DAVID KOENIG, AP Airlines Writer

DALLAS (AP) — The bad news for travelers is that U.S. airlines posted terrible on-time numbers and record cancelations in February, as winter storms fouled operations at several large airports.

The good news is that no U.S. flights were stuck on airport tarmacs for more than the three hours, the limit set by federal rules.

The U.S. Department of Transportation reported Thursday that only 70.7 percent of domestic flights arrived within 14 minutes of schedule — that's the leeway allowed while still being counted as on-time.

The on-time rate fell sharply from the 79.6 percent in February 2013 but was better than January 2014's 67.7 percent mark.

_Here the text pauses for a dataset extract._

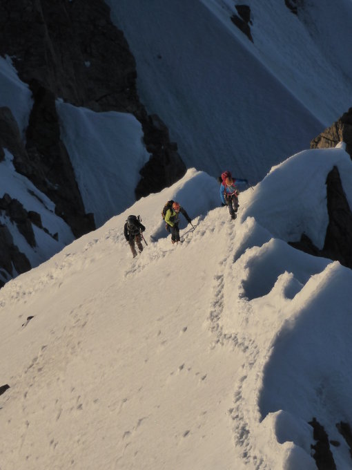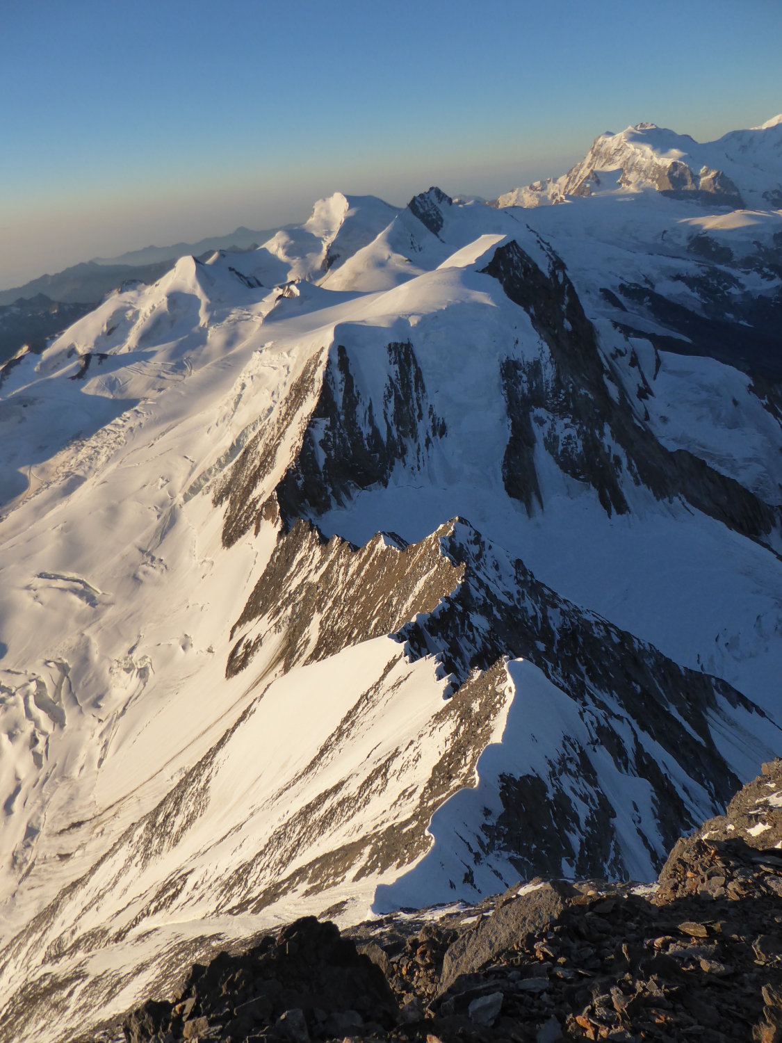 Sehr gute Verhältnisse am Grat. Täschhorn Mischabelgrat bis auf das Firnstück Schneefrei. Abstieg bis Domjoch einige Wächten aber über die Schuppen etwas unangenehm aber gut zu gehen. Ab Joch Schneefrei und ohne Steigeisen auf den Dom.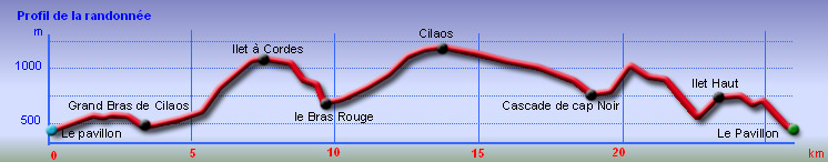 La randonnée débute au Pavillon pour s'y terminer près de 10 heures plus tard. On peut débuter au parking du Sentier Burel mais il faudra marcher sur la route en fin de boucle pour retrouver le véhicule. Si le sentier Burel est fermé comme cela a été le cas bien souvent, il est possible de remonter le Bras de Cilaos jusqu'au Parc à Dennemont, fin du Sentier Burel. La remontée par la rivière est sans danger lors des 5 passages les pieds dans l'eau à condition d'effectuer la jonction en période sèche. Le trajet longe ensuite la rivière jusqu'à Trois Bras avant de retrouver le Sentier du Reposoir qui monte de plus en plus vers l'Îlet à Cordes. Certains passages en bord de falaises sur des lacets serrés peut incommoder les personnes sujettes au vertige (Voir photo 5 de cette sortie). La montée se termine dans les champs de l'Îlet à Cordes avant de retrouver la route qui permet de traverser de part en part ce grand îlet éloigné de Cilaos. On longe le village et les champs du Fond de la Cour en guettant sur la droite le début du sentier de l'Îlet à Cordes qui descend rapidement vers le Bras Rouge. On marche sous les filaos sur un sentier sableux pouvant être glissant. Le franchissement du Bras Rouge sur les gros rochers ne pose pas de problème particulier. On poursuit vers Cilaos en montée pour laisser à gauche le Sentier menant à la Chapelle. On poursuit le long de la Ravine Henri Dijoux, toujours sous les filaos et au plus près de la rivière parfois. La piste bétonnée au village du Bras des Etangs marque la fin de cette première moitié de la boucle. Rejoindre le cimetière en prenant la première rue sur la droite est facile et reposant. La boucle se poursuit, toujours sur le bitume ou sur le long escalier qui coupe un lacet et permet de gagner près d'un kilomètre. Prendre la première rue sur la droite après l'escalier afin de gagner encore un peu de route pour rejoindre Mare Sèche et la Plate Forme. Le sentier qui permet d'atteindre la Cascade du Cap Noir est très bien indiqué, en fin de route bétonnée, un peu après le début du sentier de la Roche Pendue. On ammorce là une rude descente en lacets qui permet d'atteindre rapidement le Bras de Benjoin. On traverse alors le gué près des ruines et à deux pas de la Cascade du Cap Noir qui se précipite dans le vide. Le sentier qui suit a subi maints éboulis et le sentier a également été souvent remanié. Il grimpe entre les chocasAgavacée (cadère) Furcraea foetida - Importé pour en faire de la corde,

Airlines reported 23,719 canceled flights, or 5.5 percent of all scheduled departures, the highest rate for February since the government started keeping track in 1995, according to the Transportation Department.

"We faced historically bad weather in February — literally the worst we have seen — with snow and ice storms nearly every day somewhere in the system," said Jean Medina, spokeswoman for the airline industry trade group Airlines for America. "There were many times when it was simply not safe to operate, driving record cancellations."

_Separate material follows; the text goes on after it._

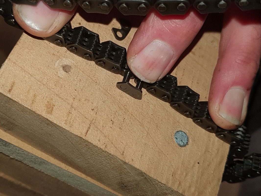 I didn't trust myself to break the old cam chain and install joining link in new one, over the engine - even with the sump off there was just too many places for those tiny link plates to hide if they slipped past the rags, or fell through when removing the rags. So I did everything in front of the engine. After threading the new cam chain through (on end of the old chain, after breaking both) I had both ends hanging down over the front of the engine. Then made up a simple platform with wooden blocks, a few centimeters below the top of the engine cases, so I could work on the ends with one hand while manipulating plates and pins with the other. Hopefully the photos will help explain (recreated using old chain and stuffed joining link). Hold both ends together with fingers of one hand, insert joining link through first couple of plates, then insert first of the three intermediate plates so that it is aligned but resting on the joining link pins. Hold that plate in place with a third finger, pressing down slightly, then gently ease back the joining link until the inserted plate pops down and giggle the joining pin through this to next couple of plates, repeat for second and third plates. As the final outer plate of the joining link is a press fit, it wont easily sit in place so I used a dab of assembly grease to hold it there. The platform was also handy for resting the riveting tool on so you didn't need a third hand. And I used small fine grinding wheel on the Dremel to take the heads off pins before pressing them out to break the chains - made it a lot easier. Hope all this helps the next person. Oh, and if you think your old cam chain is just on the service limit (length measured between 20 links) like mine was, it will be ok, check out how worn the pin is from my old cam chain!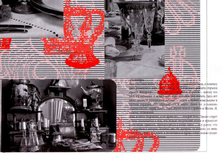 Иногда текст становился совсем нечитаем из-за неизкой контрастности букв и фона, узоров на фоне и символов, разбросанных по всему развороту. Все это превращало статьи в пёструю «кашу» и смысл было понять непросто.

Medina said it was remarkable that there were no violations of the tarmac-delay rules, which prohibit ground delays of more than three hours for domestic flights or four hours for international ones.

Hawaiian Airlines had the best on-time rating — it usually does, being insulated from most of the mainland's bad weather — at 90.1 percent. Regional airline ExpressJet ranked last at 59 percent on-time.

Among the largest five airlines, Delta was on-time most often, followed by American, US Airways, Southwest and United.

One in every nine flights on ExpressJet and one in 11 on American Eagle were canceled. Regional airlines fly smaller planes and are usually the first to have flights canceled during bad weather.

Reports of mishandled baggage and complaints were both up from a year earlier.

The government figures are compiled from 14 airlines that each operate at least 1 percent of all domestic flights. They exclude Spirit Airlines, Allegiant Air and many regional carriers.